In many cases, this is fair warning, after all, nobody wants to lose a friend to a sour business deal. Sometimes (particularly in little communities) it’s quite likely you will already know or have befriended people you would otherwise choose to do business with.

So, is it possible to have effective business relationships with friends?

Of course, it is.

Here are 9 tips to help you effectively do business with friends:

1. Try a little before you go in boots and all.

You trust your friend and no doubt you’ve had many conversations about their brilliance. However, are they really (I mean really) good at what they do? Rather than jumping in boots and all, start off on a micro-project, gently put them through their paces and see if the fit is right.

By the end of your small project, it’s likely that you’ll know if your friend is the right fit for your business, and how you will work together.

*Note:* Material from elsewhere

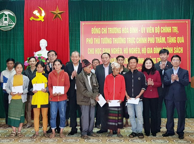 Tiếp đó, Phó Thủ tướng đã thăm, tặng 150 suất quà cho học sinh nghèo và các hộ nghèo, hộ gia đình chính sách của huyện, tặng năm bộ máy tính cho các trường học trên địa bàn huyện Đakrông.
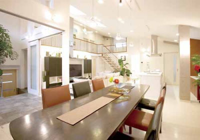 「家族でゆっくりくつろげる場所がほしい」という要望に応え、2階の子世帯LDKは勾配天井を活かした吹き抜け大空間に。天窓やサンルームから燦々と光が差し込み、風が通り抜ける、ここちよい家族の居場所ができました。若奥様がこだわったキッチンには、使いやすさの面からナショナルの「フィットアイ」を採用。キッチンの床は、傷に強くワックスがけも不要の「NEWオーマイティフロアー」です。「子供が大きくなったら、この広いキッチンで一緒にお料理したいですね」と若奥様は楽しみにしていらっしゃいます

2. Clearly, articulate all expectations.

My friend, Rosemary Shapiro-Liu and I often do business together. Why does it work? Because Rosemary is a master of expectation setting.

At the outset of any interaction, Rosemary will gently and carefully draw out the expectations of the other party and express her own. Nothing starts until this is not only on the table but pointing in the same direction.

3. Establish clear deliverables in writing.

Once expectations are understood get it down in writing, just as you would (or should) with any other supplier.

4. Establish transparent communication protocols.

When will meetings happen? What times are phone calls okay? Is Messenger acceptable or is email preferable? What needs to be in place to ensure both parties are okay to speak freely and transparently, particularly if the situation isn’t working?

Ensure all are outlined in the abovementioned work agreement.

5. Schedule regular check-ins.

Even when you are on a tight timeline, and there isn’t a lot of time for water cooler conversation, ensure you schedule at least weekly check-ins.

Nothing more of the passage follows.